Ей нравилась скромность, самоотверженность, спаянность коллектива, борьба за общий, а не личный успех. Но в эти хорошие черты бригады она не могла поверить, как и в ее идейную сущность, в моральные основы. Руфина видела в них показную условность, некий гипноз самовнушения. Повторялась старая история внутреннего разлада, но на этот раз не с одним человеком, которым был Алексей, а с коллективом «Алексеев». И уж конечно, из всех этих «Алексеев» выделялся Сергей. Несомненно, Сергей — душа бригады, и все идут за ним. Не называя себя бригадиром, он остается им.

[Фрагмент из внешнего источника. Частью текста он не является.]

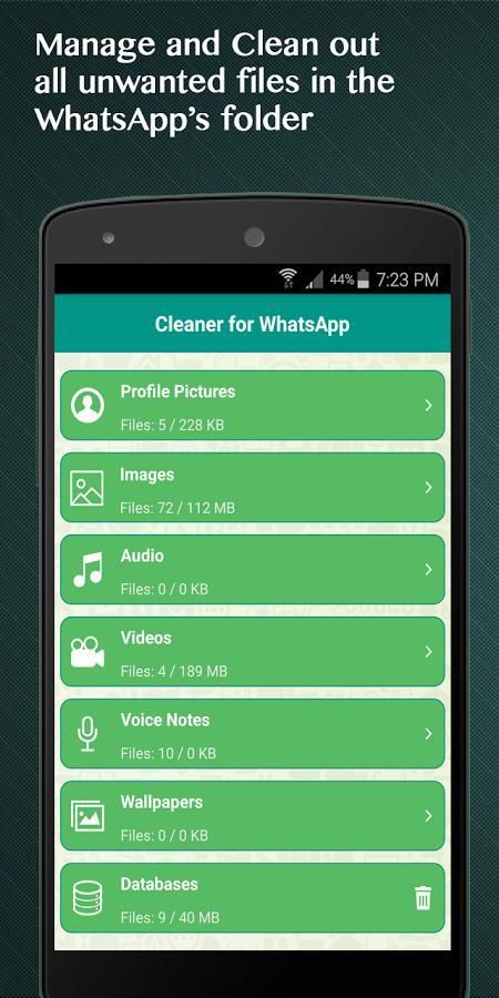WhatsApp के लिए क्लीनर सभी जगह लेने वाली ऐसी प्राप्त की और भेजा चित्र, ऑडियो, वीडियो, आवाज नोट, प्रोफ़ाइल चित्र और अन्य डेटाबेस कीमती अंतरिक्ष लेने के रूप में WhatsApp फाइलें, के लिए अपनी डिवाइस को साफ करेंगे।
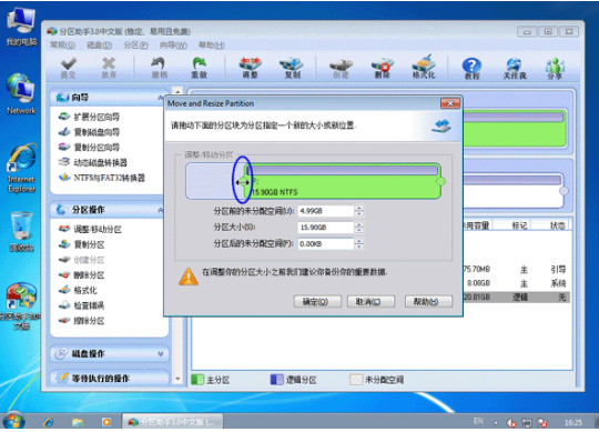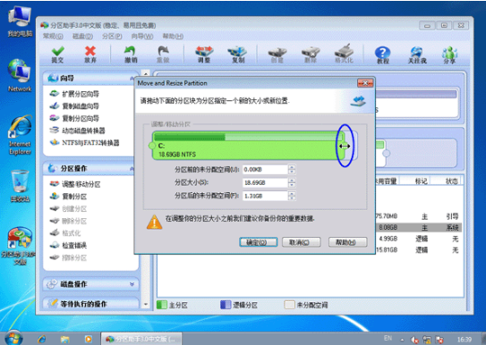 5、然后我们就可以在分区调整界面进行C盘大小的调整,我们鼠标移动到C分区的右边,向右拖动右边的手柄来扩大C盘的大小,一直到20GB即可。
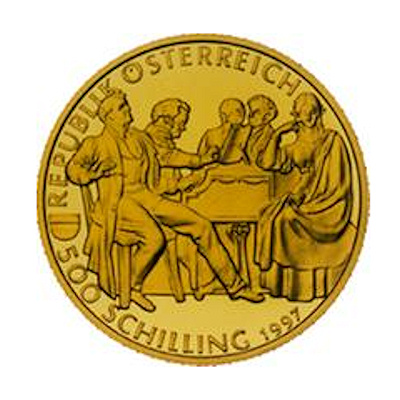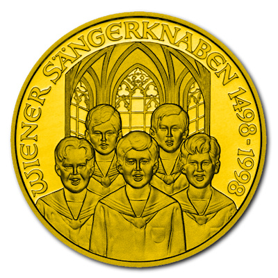 Die Serie Wiener Musiklegenden lief von 1997 bis 1999 und umfaßte 3 Ausgaben mit einem Nennwert von je 500 Schilling einer Auflage von je 50.000 Stück und einem Gewicht von 8,04 Gramm bei 995/1000 Gold Reinheit. Es wurden die Motive Franz Schubert, 500 Jahre Wiener Sängerknaben und Johann Strauß Vater und Sohn verausgabt. | |
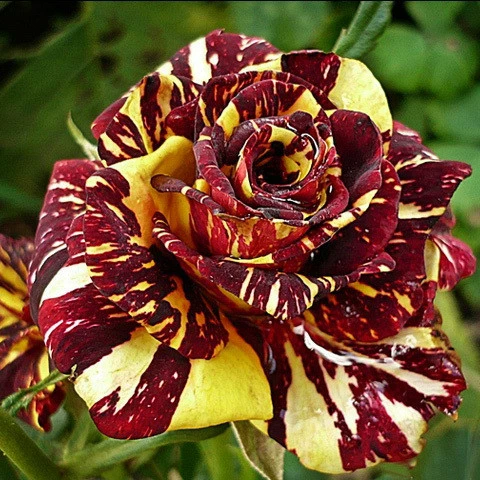 Роза чайно-гібридна Абракадабра. Це одна з найбільш незвичайних троянд коли-небудь вирощених. Цвіте дуже яскраво і приголомшливо. Весь квітка покритий численними смужками і плямами різних відтінків від легких і сильних жовтих з рожевим і фіолетовим. Опис: Квітки великі (10-12см), розташовані поодиноко або в суцвіттях, махрові, з високим центром, пелюстки загостреної форми. Аромат легкий. Листя зелене глянсова. Срезочной сорт, але може рости у відкритому грунті. Зимостійкість висока. Висота куща до 100см. Роза відрізняється винятковою привабливістю і шармом.
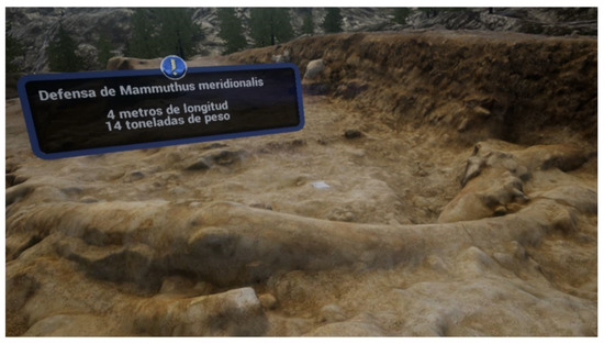 Still another advantage is that the public can ‘walk among mammoths’ without incurring any damage to this unique archaeo-paleontological heritage. People can approach and observe a re-creation of the archaeological remains in an even higher level of detail than if they were observing the site from the visitor’s balcony or surrounding walkway it and thus experience a sensation similar to that of the archaeologists themselves. In addition, the VR engine (in our case: Unreal Engine) facilitates the display and understanding of important data in order to guide the VR tour over the excavation. In this case, the audience can see an informative signboard indicating highlighted information (Figure 17).
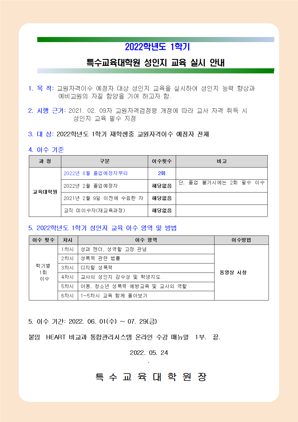2022학년도 1학기 특수교육대학원 코로나19 대응 상황별 수업 운영 안내
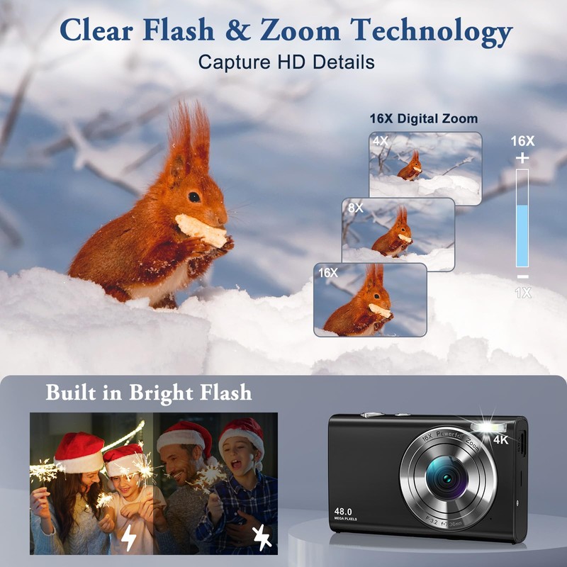 • [Perfect 4K 48MP Autofocus Camera] This digital camera uses an advanced CMOS image sensor system to capture 4K video recording and 48MP photo capture easily. 4K digital camera with autofocus makes long and macro shooting easy to ensure every detail is crisp on stills and motion. This vlogging camera is compact and user-friendly, Perfect for teens, adults, and beginners alike, and designed for photographers who value simplicity and quality.
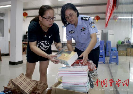 中國警察網訊 9月8日中午,北侖公安分局出入境大隊大隊長、19大代表胡朝霞及其愛心團隊向貴州省臺江縣黃毛小學捐獻書包,文具盒、故事書、玩具、衣服,鞋子等實物,價值近萬元。圖為胡朝霞在整理捐獻的實物。并通過中國郵政裝運寄給臺江縣黃毛小學。
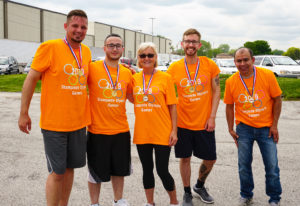 Twenty employees were split into teams of five with their matching colored Olympic Games t-shirt. This time around the event was sponsored by Morreale Meat, Professional Freezing, Lincoln Provisions, and Amigos Foods. Each sponsor gave a generous donation to the event’s cause and had their company logo on the participants t-shirts. Team members from various departments were represented in the games, including Finance, Logistics, Operations, FSQA, and Sales. Thanks to the cooperative Chicago weather, the games were hosted outside, and they were “Stampede” themed events such as getting suited for production and building a pallet of boxes for distribution! Orange Team winner Sophie Bozek exclaimed, “Oh my goodness! I cannot believe how much fun I had with these crazy team members. Everyone had such an amazing energy and competitive spirit. I already can’t wait for the next Olympic Games!” Two-time winner from last year’s Yellow Team and this year’s Orange Team Ward Hassan said,””

Руфина не допускает, что Сергей сознательно ввел сменное бригадирство, желая этим устранить Руфину и не дать линии называться «семнадцатая дулесовская», как она уже называлась кое-кем. Пусть он не хотел этого, как не хотел и его брат Алексей, вводя автоматическую приставку, зачеркнуть славу Руфины. Это ничего не меняет. Равноправный дележ успехов бригады не устраивает Руфину, но как об этом сказать?..

Кому?

Ведь она по своему желанию приняла приглашение Гладышева и пошла на отстающую линию, чтобы сделать ее передовой. Теперь она стала такой. Более того, все считают ее коммунистической. Так чем же ты недовольна, Руфина Дулесова? Чего ты хочешь? Тянуть линию назад? Отвести ее на прежние рубежи? Засушить, дать увянуть тому, что должно расти и стать цветом времени, смыслом всей жизни тружеников и твоей жизни, если ты дочь, а не падчерица своего народа?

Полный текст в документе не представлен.